FastAPI#

new in 0.9.0

Since both FastAPI and Pandera integrates seamlessly with Pydantic, you can use the SchemaModel types to validate incoming or outgoing data with respect to your API endpoints.

Using SchemaModels to Validate Endpoint Inputs and Outputs#

Suppose we want to process transactions, where each transaction has an id and cost. We can model this with a pandera schema model:

# pylint: skip-file
from typing import Optional

from pydantic import BaseModel, Field

import pandera as pa


class Transactions(pa.SchemaModel):
    id: pa.typing.Series[int]
    cost: pa.typing.Series[float] = pa.Field(ge=0, le=1000)

    class Config:
        coerce = True

Also suppose that we expect our endpoint to add a name to the transaction data:

class TransactionsOut(Transactions):
    id: pa.typing.Series[int]
    cost: pa.typing.Series[float]
    name: pa.typing.Series[str]

Let’s also assume that the output of the endpoint should be a list of dictionary records containing the named transactions data.
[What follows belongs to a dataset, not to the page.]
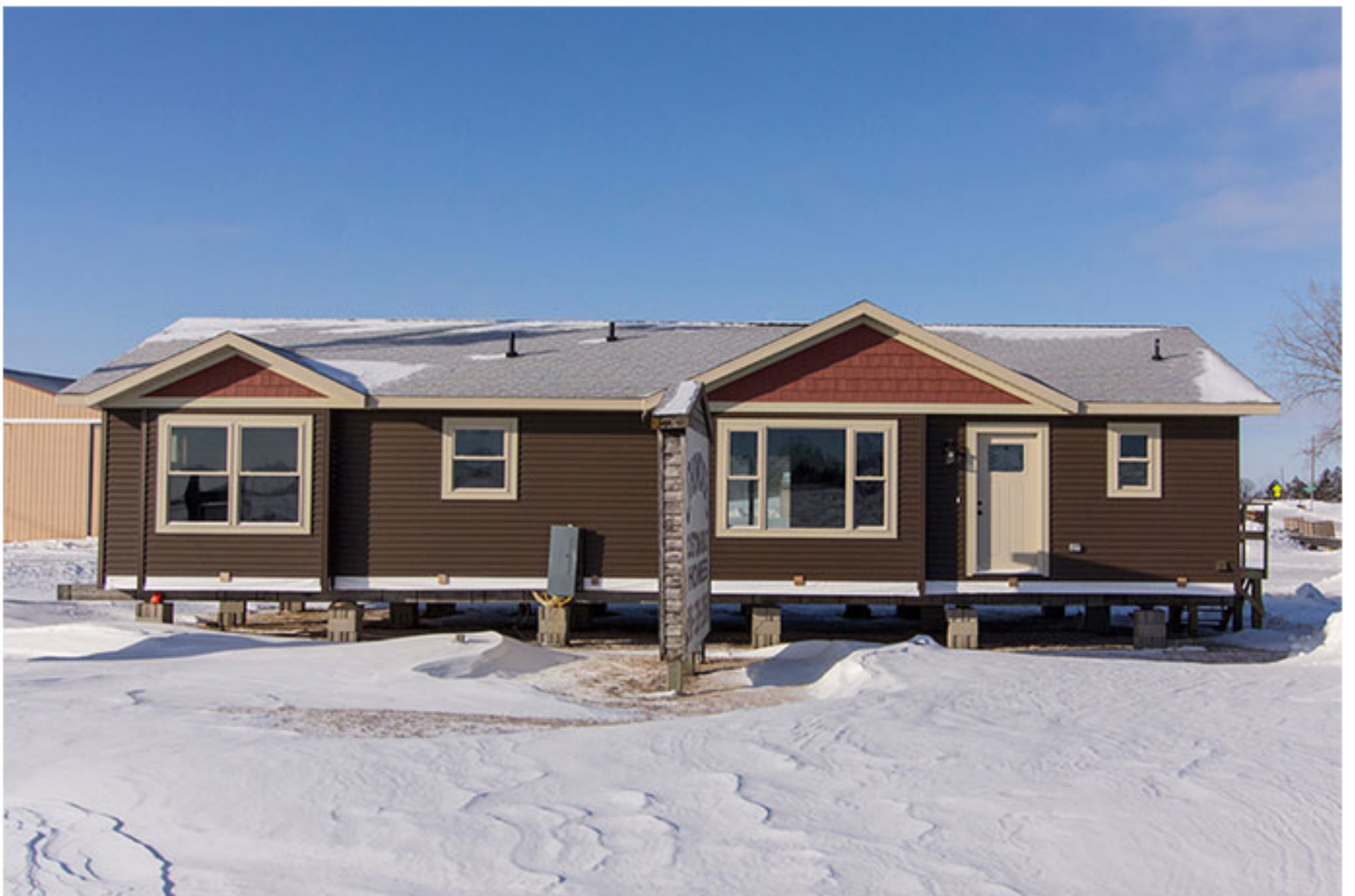
This easy living plan has 3 bedrooms including master bath, 2.5 baths and laundry room.

We can do this easily with the to_format option in the schema model BaseConfig.

class TransactionsDictOut(TransactionsOut):
    class Config:
        to_format = "dict"
        to_format_kwargs = {"orient": "records"}

Note that the to_format_kwargs is a dictionary of key-word arguments to be passed into the respective pandas to_{format} method.

Next we’ll create a FastAPI app and define a /transactions/ POST endpoint:

from fastapi import FastAPI, File
from pandera.typing import DataFrame

app = FastAPI()

@app.post("/transactions/", response_model=DataFrame[TransactionsDictOut])
def create_transactions(transactions: DataFrame[Transactions]):
    output = transactions.assign(name="foo")
    ...  # do other stuff, e.g. update backend database with transactions
    return output

Reading File Uploads#

Similar to the TransactionsDictOut example to convert dataframes to a particular format as an endpoint response, pandera also provides a from_format schema model configuration option to read a dataframe from a particular serialization format.

class TransactionsParquet(Transactions):
    class Config:
        from_format = "parquet"

Let’s also define a response model for the /file/ upload endpoint:

class TransactionsJsonOut(TransactionsOut):
    class Config:
        to_format = "json"
        to_format_kwargs = {"orient": "records"}

class ResponseModel(BaseModel):
    filename: str
    df: pa.typing.DataFrame[TransactionsJsonOut]

In the next example, we use the pandera UploadFile type to upload a parquet file to the /file/ POST endpoint and return a response containing the filename and the modified data in json format.

from pandera.typing.fastapi import UploadFile

@app.post("/file/", response_model=ResponseModel)
def create_upload_file(
    file: UploadFile[DataFrame[TransactionsParquet]] = File(...),
):
    return {
        "filename": file.filename,
        "df": file.data.assign(name="foo"),
    }

Pandera’s UploadFile type is a subclass of FastAPI’s UploadFile but it exposes a .data property containing the pandera-validated dataframe.

Takeaway#

With the FastAPI and Pandera integration, you can use Pandera SchemaModel types to validate the dataframe inputs and outputs of your FastAPI endpoints.